= Ademar Jordan =

Knight and troubadour from Saint-Antonin
Ademar Jordan (fl. 1198-1212) was a knight and troubadour from Saint-Antonin in the Rouergue. He was possibly a vassal of Raimon Jordan.

Ademar apparently participated in the war against the Albigensian Crusade, for he was captured by Simon de Montfort on 6 May 1212 and is not heard from again. On the occasion of his capture he composed a sirventes in imitation of Bertran de Born, Si tot m'ai estat lonjamenz. His only other extant song is Pons, viscoms, lezir e sojor, a cobla esparsa or cobla de circonstance.

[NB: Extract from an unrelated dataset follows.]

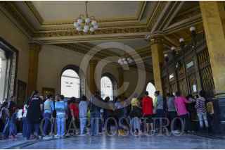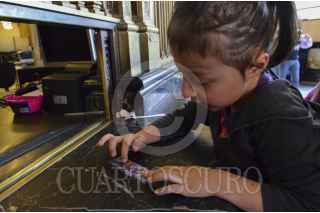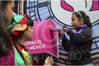 MÉXICO, DF., 04ENERO2014.- Cientos de niños acompañados por sus padres y abuelos acudieron al edificio de Correos de México para enviar su carta a los Reyes Magos. El timbre postal especial navideño, necesario para completar el envío, tiene un costo este año de 11.50 pesos. En promedio se venden un aproximado de 15 mil timbres postales en tres horas. FOTO: MARÍA JOSÉ MARTÍNEZ /CUARTOSCURO.COM
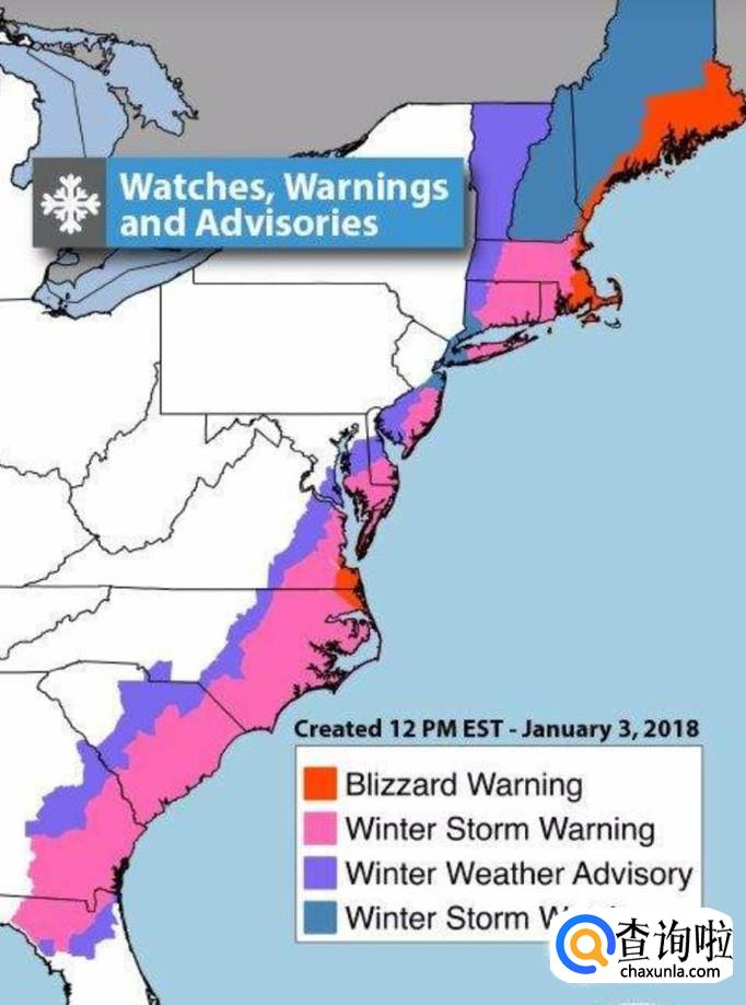 不过一般来说,炸弹气旋并没有什么实际威力,只不过是看起来特别炫酷罢了。但是曾发生在美国东海岸的爆炸气旋却成为了真真正正的“炸弹”,它造成了美国有史以来最严重的风寒,大量的公民因为无法适应突变的环境而生病甚至失去生命,下图所展示的是此次美国的受灾范围。

Ademar may also have participated in one of the Crusades (possibly the Fourth or the Reconquista).

==Sources==
- Brunel, Clovis (1926). "Les troubadours Ademar Jordan et Uc Brunenc," Romania, 52, p. 506.
- Jeanroy, Alfred (1934). La poésie lyrique des troubadours. Toulouse: Privat.
- Schulze-Busacker, Elisabeth (1987). "French Conceptions of Foreigners and Foreign Languages in the Twelfth and Thirteenth Centuries," Romance Philology, 41:1 (Aug.) pp. 24-47.